Data wrangling
tap allows you to wrangle data of any size in a powerful, yet intuitive way
Spreadsheets are powerful tools that are still the bread and butter of many professions. However, it's easy to hit their limits, whether it be in data size, performance or functionality. Your next step could be data analytics and warehousing platforms, but these can often be prohibitive in their pricing or complexity.
tap is a middle ground between these tools, allowing you to shape and analyse data of any size and then easily share it with downstream teams with a pricing model that you don't have to think twice about
In tap SQL is how you can manipulate the data. To demonstrate its power, let's look at a simple, relatively unclean dataset:
PostcodeUtf8 | AddressLine1Utf8 | AddressLine2Utf8 |
---|---|---|
"KA278LF" | "Lamlash " | "Isle of Arran" |
"KA128SS" | " Kilwinning Road" | " Irvine" |
"KA280HF" | "College St " | "Millport" |
"KA2 0BE" | " Kilmarnock Road" | "Kilmarnock" |
"KA120DP" | " Warrix Avenue" | "Irvine" |
"KA6 6AB" | "Dalmellington Road " | "Ayr" |
"KA9 2HQ" | "Biggart Road " | "Prestwick" |
"KA6 6DX" | " Dalmellington Road" | "Ayr" |
"KA7 4DW" | "10 Doonfoot Road " | "Ayr" |
"KA215RF" | "Nelson Road" | "Saltcoats" |
We can clean it:
SELECT
regexp_replace("Postcode", '\s*(.3$)', ' \1', 'g') AS "Postcode",
trim("AddressLine1") AS "AddressLine1",
trim("AddressLine2") AS "AddressLine2"
FROM data.example
PostcodeUtf8 | AddressLine1Utf8 | AddressLine2Utf8 |
---|---|---|
"KA27 8LF" | "Lamlash" | "Isle of Arran" |
"KA12 8SS" | "Kilwinning Road" | "Irvine" |
"KA28 0HF" | "College St" | "Millport" |
"KA2 0BE" | "Kilmarnock Road" | "Kilmarnock" |
"KA12 0DP" | "Warrix Avenue" | "Irvine" |
"KA6 6AB" | "Dalmellington Road" | "Ayr" |
"KA9 2HQ" | "Biggart Road" | "Prestwick" |
"KA6 6DX" | "Dalmellington Road" | "Ayr" |
"KA7 4DW" | "10 Doonfoot Road" | "Ayr" |
"KA21 5RF" | "Nelson Road" | "Saltcoats" |
Join it with other datasets:
SELECT model.example_cleaned.*,
data.uk_postcode_lookup.latitude AS "Latitude",
data.uk_postcode_lookup.longitude AS "Longitude"

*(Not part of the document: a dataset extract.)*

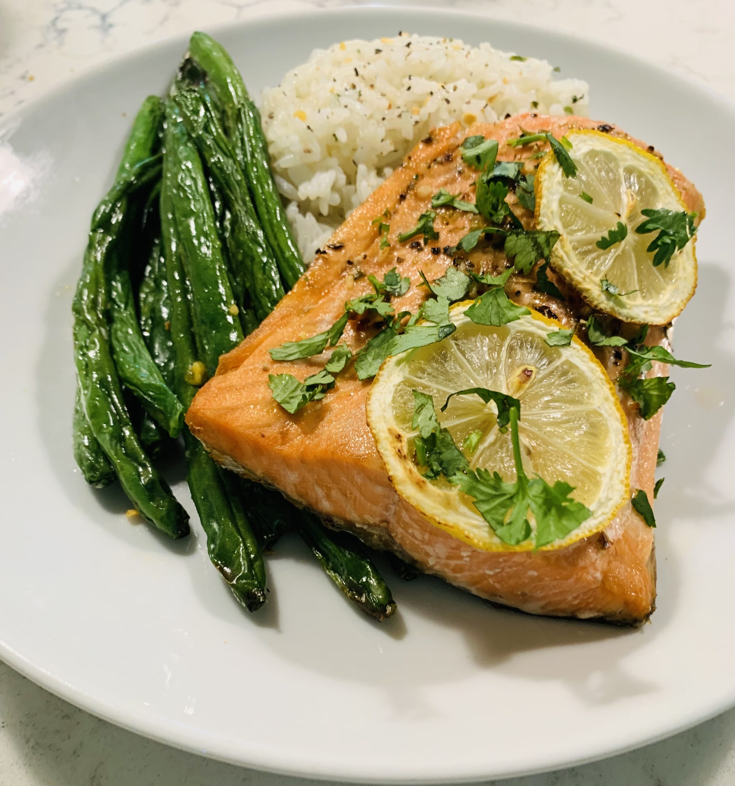 Tender oven roasted Atlantic salmon, crusted with zesty lemon and aromatic herbs. Served atop fragrant jasmine rice with, sautéed green beans for a fresh, balanced meal.

FROM model.example_cleaned
JOIN data.uk_postcode_lookup ON "Postcode" = postcode
PostcodeUtf8 | LatitudeFloat64 | LongitudeFloat64 | AddressLine1Utf8 | AddressLine2Utf8 |
---|---|---|---|---|
"KA27 8LF" | 55.54312 | -5.115521 | "Lamlash" | "Isle of Arran" |
"KA12 8SS" | 55.635056 | -4.676106 | "Kilwinning Road" | "Irvine" |
"KA28 0HF" | 55.761296 | -4.922755 | "College St" | "Millport" |
"KA2 0BE" | 55.61394 | -4.539409 | "Kilmarnock Road" | "Kilmarnock" |
"KA12 0DP" | 55.611863 | -4.660189 | "Warrix Avenue" | "Irvine" |
"KA6 6AB" | 55.434174 | -4.593108 | "Dalmellington Road" | "Ayr" |
"KA9 2HQ" | 55.492576 | -4.604862 | "Biggart Road" | "Prestwick" |
"KA6 6DX" | 55.430332 | -4.595538 | "Dalmellington Road" | "Ayr" |
"KA7 4DW" | 55.449149 | -4.639765 | "10 Doonfoot Road" | "Ayr" |
"KA21 5RF" | 55.63957 | -4.772409 | "Nelson Road" | "Saltcoats" |
We can even enrich with H3 indexing, if we wanted geospatial querying:
SELECT
model.example_joined.*,
h3_latlng_to_cell("Latitude", "Longitude", 15::INT) AS "H3Res15"
FROM model.example_joined
PostcodeUtf8 | H3Res15Utf8 | LatitudeFloat64 | LongitudeFloat64 | AddressLine1Utf8 | AddressLine2Utf8 |
---|---|---|---|---|---|
"KA27 8LF" | "8f19569a8c5c648" | 55.54312 | -5.115521 | "Lamlash" | "Isle of Arran" |
"KA12 8SS" | "8f19092e6775410" | 55.635056 | -4.676106 | "Kilwinning Road" | "Irvine" |
"KA28 0HF" | "8f19092b0d119ad" | 55.761296 | -4.922755 | "College St" | "Millport" |
"KA2 0BE" | "8f190925084439b" | 55.61394 | -4.539409 | "Kilmarnock Road" | "Kilmarnock" |
"KA12 0DP" | "8f19092e3d467a6" | 55.611863 | -4.660189 | "Warrix Avenue" | "Irvine" |
"KA6 6AB" | "8f1954598d46a49" | 55.434174 | -4.593108 | "Dalmellington Road" | "Ayr" |
"KA9 2HQ" | "8f1954598c58ac3" | 55.492576 | -4.604862 | "Biggart Road" | "Prestwick" |
"KA6 6DX" | "8f1954598c58ac3" | 55.430332 | -4.595538 | "Dalmellington Road" | "Ayr" |
"KA7 4DW" | "8f19545932d3a66" | 55.449149 | -4.639765 | "10 Doonfoot Road" | "Ayr" |
"KA21 5RF" | "8f19092f28342c1" | 55.63957 | -4.772409 | "Nelson Road" | "Saltcoats" |
You can then download the data in a CSV, Parquet or JSONL format for further analysis. Or, serve it via a Data API to allow downstream development teams to start building data-centric applications right away!